A number of components in the device 900 are connected to the I/O interface 905, including: an input unit 906 such as a keyboard, a mouse, and the like; an output unit 907 such as various types of displays, speakers, and the like; a storage unit 908 such as a magnetic disk, optical disk, or the like; and a communication unit 909 such as a network card, a modem, a wireless communication transceiver, and the like. The communication unit 909 allows the device 900 to exchange information/data with other devices through a computer network such as the internet and/or various telecommunication networks.
The computing unit 901 may be a variety of general and/or special purpose processing components having processing and computing capabilities. Some examples of the computing unit 901 include, but are not limited to, a Central Processing Unit (CPU), a Graphics Processing Unit (GPU), various dedicated Artificial Intelligence (AI) computing chips, various computing units running machine learning model algorithms, a Digital Signal Processor (DSP), and any suitable processor, controller, microcontroller, and so forth. The computing unit 901 performs the respective methods and processes described above, such as retrieval of an abnormal state. For example, in some embodiments, the retrieval of the abnormal state may be implemented as a computer software program tangibly embodied in a machine-readable medium, such as storage unit 908. In some embodiments, part or all of the computer program may be loaded and/or installed onto device 900 via ROM 902 and/or communications unit 909. When the computer program is loaded into RAM 903 and executed by computing unit 901, one or more steps of the above-described retrieval of an abnormal state may be performed. Alternatively, in other embodiments, the computing unit 901 may be configured to perform the retrieval of the abnormal state in any other suitable manner (e.g., by means of firmware).

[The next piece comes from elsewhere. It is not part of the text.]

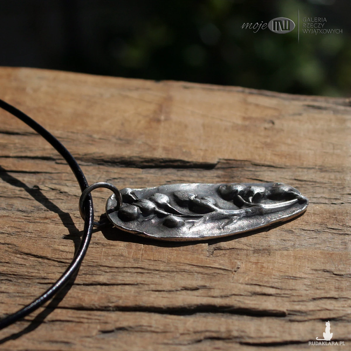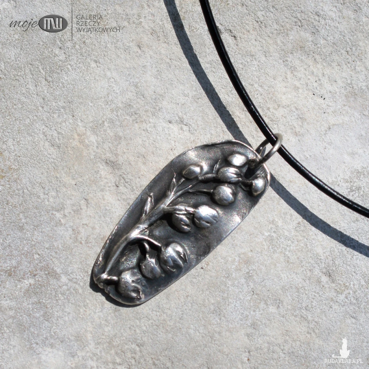 Wisior ze srebra wysokiej próby (nawet 999) z wizerunkiem wiosennych kwiatów konwalii. Srebro jest oksydowane i przetarte dla wydobycia rysunku, częściowo polerowane.

Various implementations of the systems and techniques described here above may be implemented in digital electronic circuitry, integrated circuitry, Field Programmable Gate Arrays (FPGAs), Application Specific Integrated Circuits (ASICs), Application Specific Standard Products (ASSPs), system on a chip (SOCs), load programmable logic devices (CPLDs), computer hardware, firmware, software, and/or combinations thereof. These various embodiments may include: implemented in one or more computer programs that are executable and/or interpretable on a programmable system including at least one programmable processor, which may be special or general purpose, receiving data and instructions from, and transmitting data and instructions to, a storage system, at least one input device, and at least one output device.
Program code for implementing the methods of the present disclosure may be written in any combination of one or more programming languages. These program code may be provided to a processor or controller of a general purpose computer, special purpose computer, or other programmable data processing apparatus, such that the program code, when executed by the processor or controller, causes the functions/acts specified in the flowchart and/or block diagram to be performed. The program code may execute entirely on the machine, partly on the machine, as a stand-alone software package partly on the machine and partly on a remote machine or entirely on the remote machine or server.

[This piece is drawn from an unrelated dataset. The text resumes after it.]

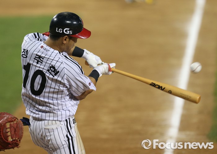 (서울=포커스뉴스) 20일 서울 잠실구장에서 열린 2016 프로야구 넥센-LG 경기 5회말 1사 2,3루에서 LG 정주현이 2타점 중전 안타를 치고 있다.

In the context of this disclosure, a machine-readable medium may be a tangible medium that can contain, or store a program for use by or in connection with an instruction execution system, apparatus, or device. The machine-readable medium may be a machine-readable signal medium or a machine-readable storage medium. A machine-readable medium may include, but is not limited to, an electronic, magnetic, optical, electromagnetic, infrared, or semiconductor system, apparatus, or device, or any suitable combination of the foregoing. More specific examples of a machine-readable storage medium would include an electrical connection based on one or more wires, a portable computer diskette, a hard disk, a Random Access Memory (RAM), a read-only memory (ROM), an erasable programmable read-only memory (EPROM or flash memory), an optical fiber, a portable compact disc read-only memory (CD-ROM), an optical storage device, a magnetic storage device, or any suitable combination of the foregoing.

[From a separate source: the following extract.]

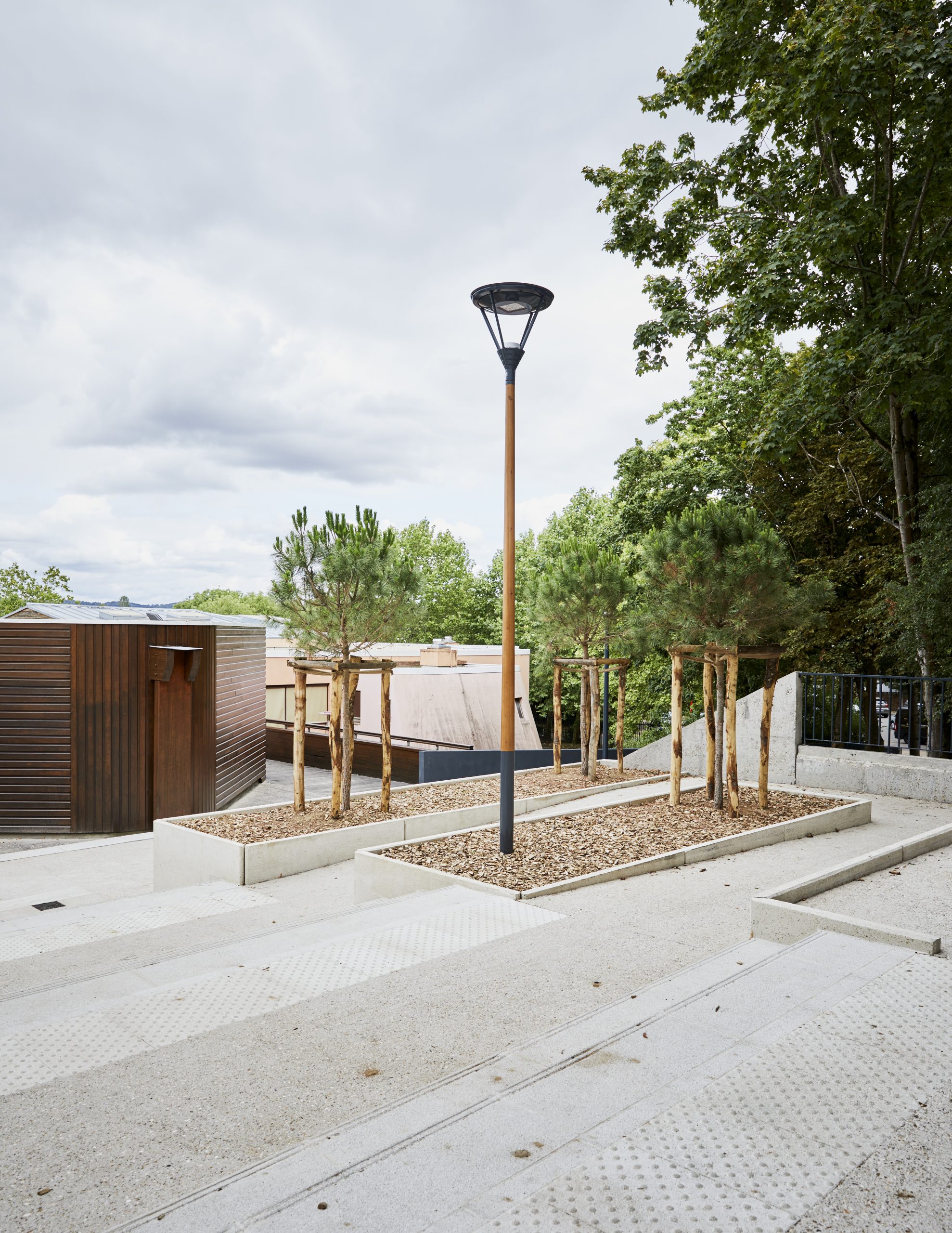 Pensé dans la continuité du plan d’ensemble de Val-de-Reuil, le projet s’attache à articuler les différents espaces selon leur caractère — plus intime pour les rues résidentielles, plus ouvert et fédérateur pour la place centrale. Les nouveaux aménagements associent revêtements qualitatifs, végétation urbaine et éclairage soigné, dans une démarche d’accessibilité universelle et de sobriété technique.

To provide for interaction with a user, the systems and techniques described here can be implemented on a computer having: a display device (e.g., a CRT (cathode ray tube) or LCD (liquid crystal display) monitor) for displaying information to a user; and a keyboard and a pointing device (e.g., a mouse or a trackball) by which a user can provide input to the computer. Other kinds of devices may also be used to provide for interaction with a user; for example, feedback provided to the user can be any form of sensory feedback (e.g., visual feedback, auditory feedback, or tactile feedback); and input from the user may be received in any form, including acoustic, speech, or tactile input.
The systems and techniques described here can be implemented in a computing system that includes a back-end component (e.g., as a data server), or that includes a middleware component (e.g., an application server), or that includes a front-end component (e.g., a user computer having a graphical user interface or a web browser through which a user can interact with an implementation of the systems and techniques described here), or any combination of such back-end, middleware, or front-end components. The components of the system can be interconnected by any form or medium of digital data communication (e.g., a communication network). Examples of communication networks include: local Area Networks (LANs), Wide Area Networks (WANs), and the Internet.
The computer system may include clients and servers. A client and server are generally remote from each other and typically interact through a communication network. The relationship of client and server arises by virtue of computer programs running on the respective computers and having a client-server relationship to each other. The server may be a cloud server, a server of a distributed system, or a server with a combined blockchain.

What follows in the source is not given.